─── Provided data ───

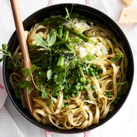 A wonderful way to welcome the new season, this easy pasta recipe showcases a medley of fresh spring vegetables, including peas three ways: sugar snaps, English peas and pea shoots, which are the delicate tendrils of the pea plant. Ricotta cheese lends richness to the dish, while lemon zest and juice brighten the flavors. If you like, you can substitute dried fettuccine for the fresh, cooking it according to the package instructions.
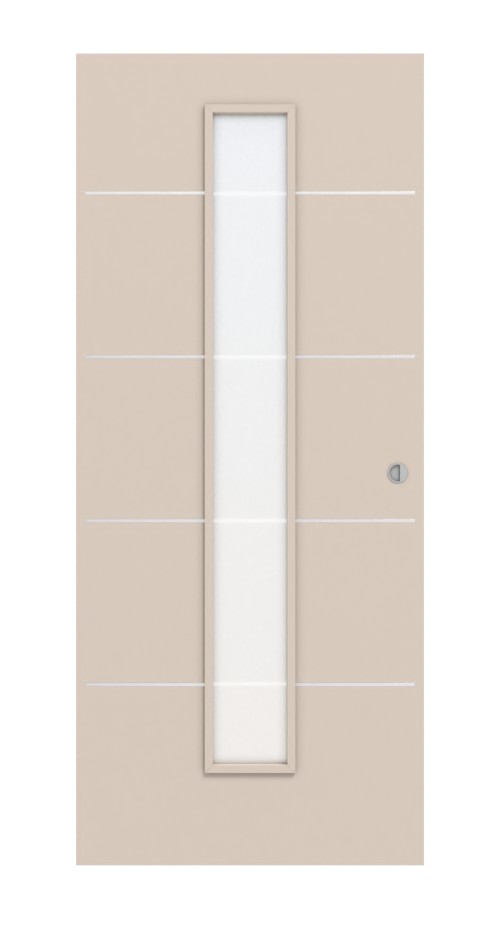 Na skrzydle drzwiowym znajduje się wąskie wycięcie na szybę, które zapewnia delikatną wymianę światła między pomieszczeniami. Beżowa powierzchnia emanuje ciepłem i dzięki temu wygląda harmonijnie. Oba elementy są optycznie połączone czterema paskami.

───
─── Provided data ───

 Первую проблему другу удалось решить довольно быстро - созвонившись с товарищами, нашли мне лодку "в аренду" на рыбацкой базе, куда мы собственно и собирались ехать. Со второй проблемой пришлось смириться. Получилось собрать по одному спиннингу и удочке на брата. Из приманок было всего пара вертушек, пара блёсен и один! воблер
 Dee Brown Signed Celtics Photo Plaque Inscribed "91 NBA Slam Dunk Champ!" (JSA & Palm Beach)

───

• What you have to do:
Write down, word for word, the lines above from the one containing "Первую проблему другу" through the one containing "Dee Brown Signed", both ends included.

• Result:
 Первую проблему другу удалось решить довольно быстро - созвонившись с товарищами, нашли мне лодку "в аренду" на рыбацкой базе, куда мы собственно и собирались ехать. Со второй проблемой пришлось смириться. Получилось собрать по одному спиннингу и удочке на брата. Из приманок было всего пара вертушек, пара блёсен и один! воблер
 Dee Brown Signed Celtics Photo Plaque Inscribed "91 NBA Slam Dunk Champ!" (JSA & Palm Beach)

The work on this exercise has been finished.